**REQUIRED WORK**
Take the lines below from the one with "Expansive floor-to-ceiling pocket" through the one with "Transparent billboard on" and print only them, exactly. Don't print the pictures.

**SUPPLIED RECORDS**
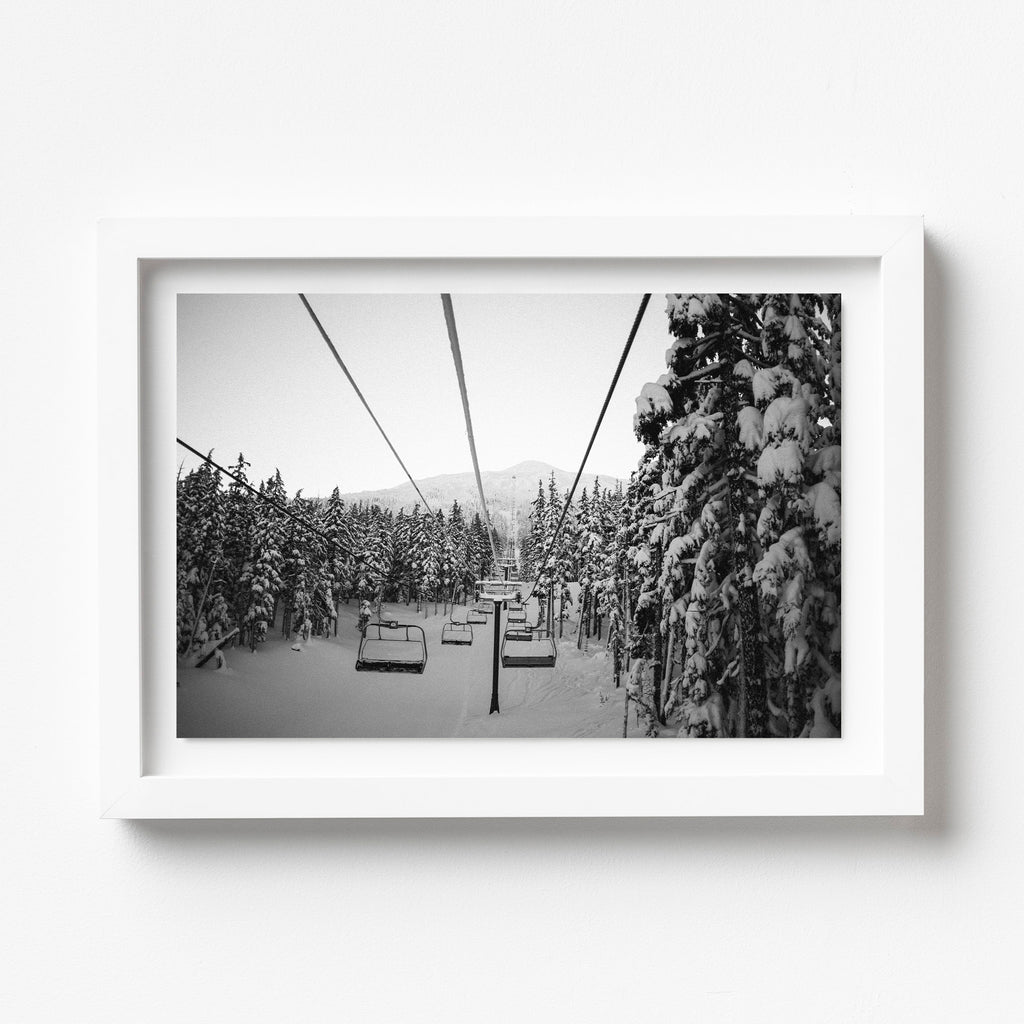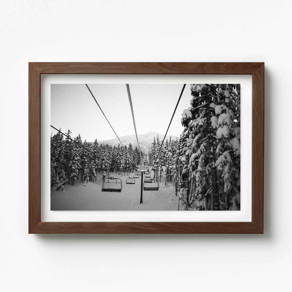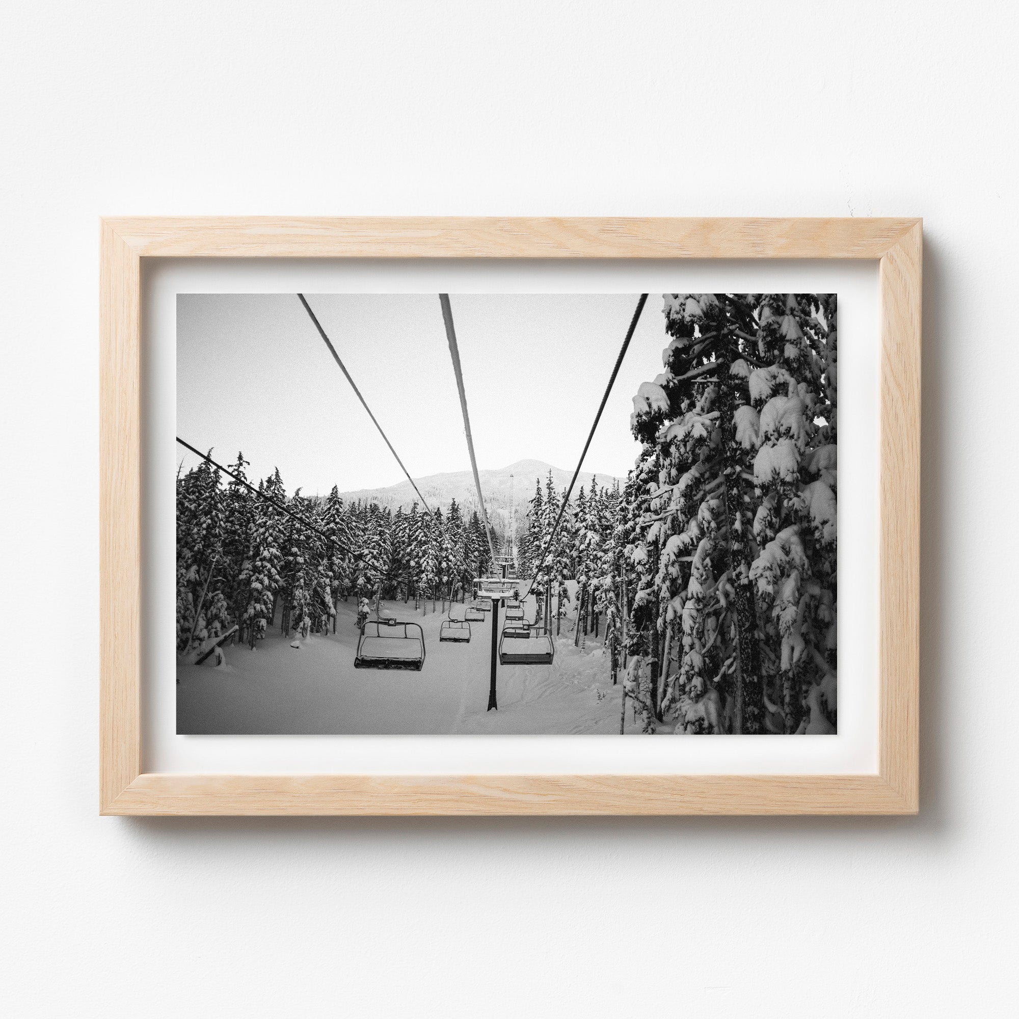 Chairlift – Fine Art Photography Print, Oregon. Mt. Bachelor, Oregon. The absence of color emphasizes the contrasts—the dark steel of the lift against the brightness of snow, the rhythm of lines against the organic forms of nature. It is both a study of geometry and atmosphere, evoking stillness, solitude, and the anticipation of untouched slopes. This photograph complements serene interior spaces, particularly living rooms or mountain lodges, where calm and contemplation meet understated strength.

...

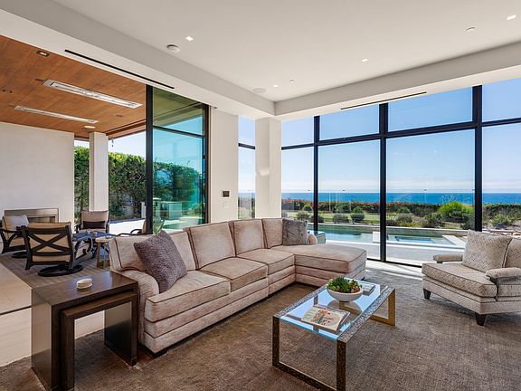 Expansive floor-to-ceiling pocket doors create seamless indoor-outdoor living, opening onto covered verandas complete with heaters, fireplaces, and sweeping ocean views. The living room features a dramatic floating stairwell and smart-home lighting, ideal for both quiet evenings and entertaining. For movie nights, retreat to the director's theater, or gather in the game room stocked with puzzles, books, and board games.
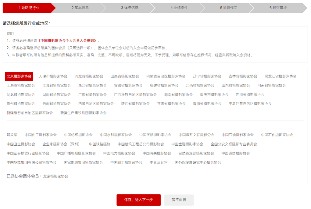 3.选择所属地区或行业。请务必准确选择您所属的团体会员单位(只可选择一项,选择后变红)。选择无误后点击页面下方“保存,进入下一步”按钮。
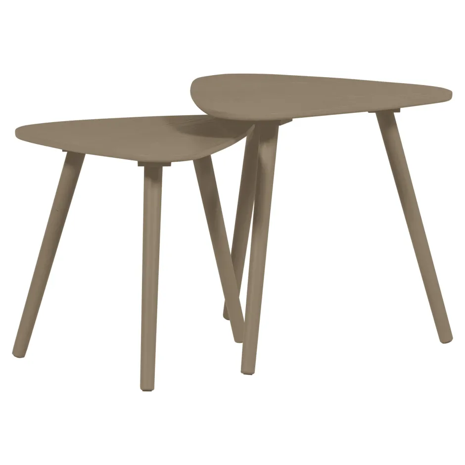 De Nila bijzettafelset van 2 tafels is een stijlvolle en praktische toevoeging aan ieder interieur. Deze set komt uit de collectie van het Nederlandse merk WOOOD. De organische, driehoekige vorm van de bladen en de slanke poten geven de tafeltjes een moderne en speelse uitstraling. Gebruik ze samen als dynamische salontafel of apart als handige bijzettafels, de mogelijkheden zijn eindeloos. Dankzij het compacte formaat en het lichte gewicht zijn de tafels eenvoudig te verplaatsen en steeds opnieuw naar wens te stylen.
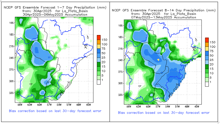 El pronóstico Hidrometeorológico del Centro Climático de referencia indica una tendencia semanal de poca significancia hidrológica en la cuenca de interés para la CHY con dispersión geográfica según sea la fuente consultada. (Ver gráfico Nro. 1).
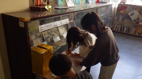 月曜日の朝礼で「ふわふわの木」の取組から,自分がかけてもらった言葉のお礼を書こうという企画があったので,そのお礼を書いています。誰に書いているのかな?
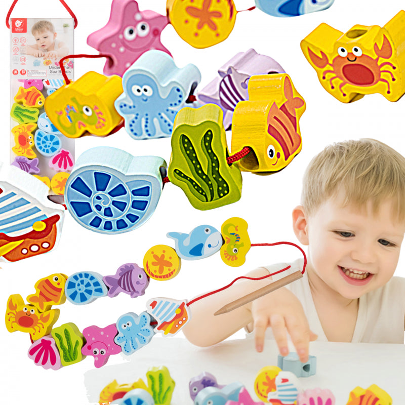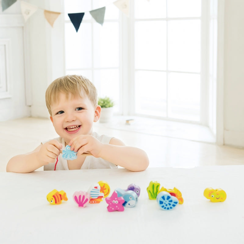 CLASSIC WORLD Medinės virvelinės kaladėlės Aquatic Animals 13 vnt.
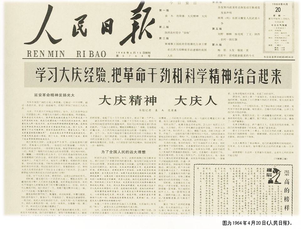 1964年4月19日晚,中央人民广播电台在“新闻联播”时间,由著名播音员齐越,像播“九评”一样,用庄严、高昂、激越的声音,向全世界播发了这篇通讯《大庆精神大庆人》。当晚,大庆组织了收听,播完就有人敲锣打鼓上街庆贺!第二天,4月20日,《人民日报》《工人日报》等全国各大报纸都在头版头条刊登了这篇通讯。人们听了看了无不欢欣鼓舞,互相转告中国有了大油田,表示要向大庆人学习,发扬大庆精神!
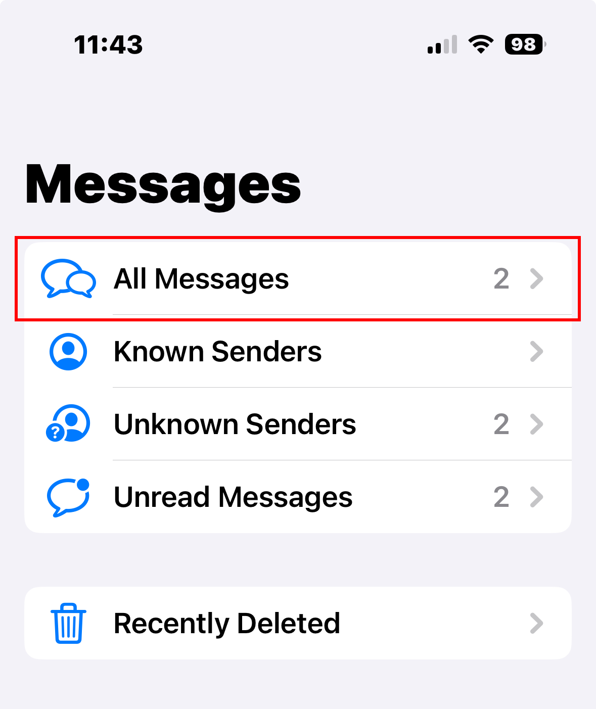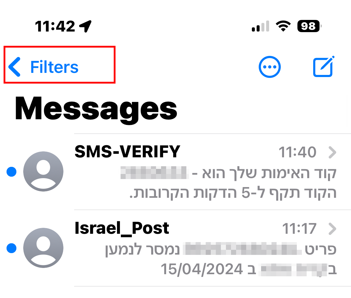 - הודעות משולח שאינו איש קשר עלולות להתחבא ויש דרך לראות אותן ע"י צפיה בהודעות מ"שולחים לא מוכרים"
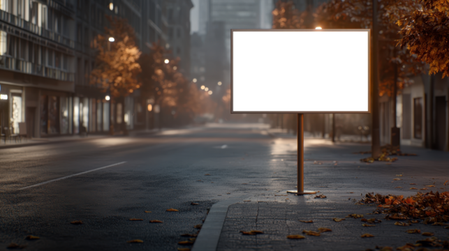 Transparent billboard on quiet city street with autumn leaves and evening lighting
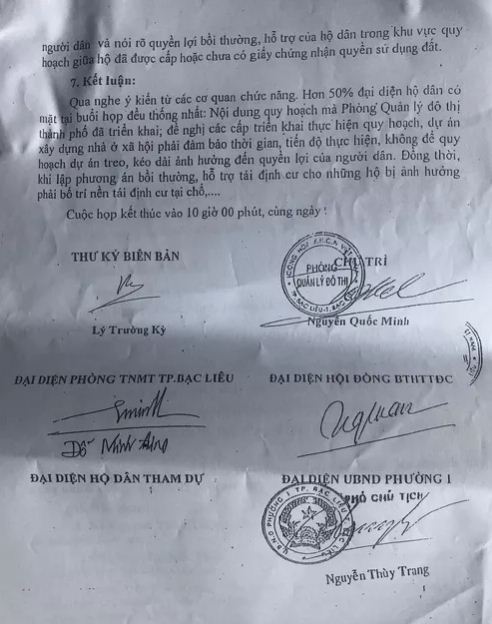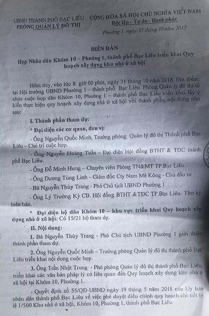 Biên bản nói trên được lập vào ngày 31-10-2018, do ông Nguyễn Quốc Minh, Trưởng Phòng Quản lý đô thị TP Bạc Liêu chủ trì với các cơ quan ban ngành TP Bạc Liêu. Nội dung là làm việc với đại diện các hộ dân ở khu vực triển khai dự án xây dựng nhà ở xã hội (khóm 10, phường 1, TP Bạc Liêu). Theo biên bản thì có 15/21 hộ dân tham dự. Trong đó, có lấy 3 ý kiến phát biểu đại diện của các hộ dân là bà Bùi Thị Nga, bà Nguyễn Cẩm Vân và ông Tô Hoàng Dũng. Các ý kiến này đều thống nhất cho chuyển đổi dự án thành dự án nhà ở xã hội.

**SOLUTION TO THIS TASK**
 Expansive floor-to-ceiling pocket doors create seamless indoor-outdoor living, opening onto covered verandas complete with heaters, fireplaces, and sweeping ocean views. The living room features a dramatic floating stairwell and smart-home lighting, ideal for both quiet evenings and entertaining. For movie nights, retreat to the director's theater, or gather in the game room stocked with puzzles, books, and board games.
 3.选择所属地区或行业。请务必准确选择您所属的团体会员单位(只可选择一项,选择后变红)。选择无误后点击页面下方“保存,进入下一步”按钮。
 De Nila bijzettafelset van 2 tafels is een stijlvolle en praktische toevoeging aan ieder interieur. Deze set komt uit de collectie van het Nederlandse merk WOOOD. De organische, driehoekige vorm van de bladen en de slanke poten geven de tafeltjes een moderne en speelse uitstraling. Gebruik ze samen als dynamische salontafel of apart als handige bijzettafels, de mogelijkheden zijn eindeloos. Dankzij het compacte formaat en het lichte gewicht zijn de tafels eenvoudig te verplaatsen en steeds opnieuw naar wens te stylen.
 El pronóstico Hidrometeorológico del Centro Climático de referencia indica una tendencia semanal de poca significancia hidrológica en la cuenca de interés para la CHY con dispersión geográfica según sea la fuente consultada. (Ver gráfico Nro. 1).
 月曜日の朝礼で「ふわふわの木」の取組から,自分がかけてもらった言葉のお礼を書こうという企画があったので,そのお礼を書いています。誰に書いているのかな?
 CLASSIC WORLD Medinės virvelinės kaladėlės Aquatic Animals 13 vnt.
 1964年4月19日晚,中央人民广播电台在“新闻联播”时间,由著名播音员齐越,像播“九评”一样,用庄严、高昂、激越的声音,向全世界播发了这篇通讯《大庆精神大庆人》。当晚,大庆组织了收听,播完就有人敲锣打鼓上街庆贺!第二天,4月20日,《人民日报》《工人日报》等全国各大报纸都在头版头条刊登了这篇通讯。人们听了看了无不欢欣鼓舞,互相转告中国有了大油田,表示要向大庆人学习,发扬大庆精神!
 - הודעות משולח שאינו איש קשר עלולות להתחבא ויש דרך לראות אותן ע"י צפיה בהודעות מ"שולחים לא מוכרים"
 Transparent billboard on quiet city street with autumn leaves and evening lighting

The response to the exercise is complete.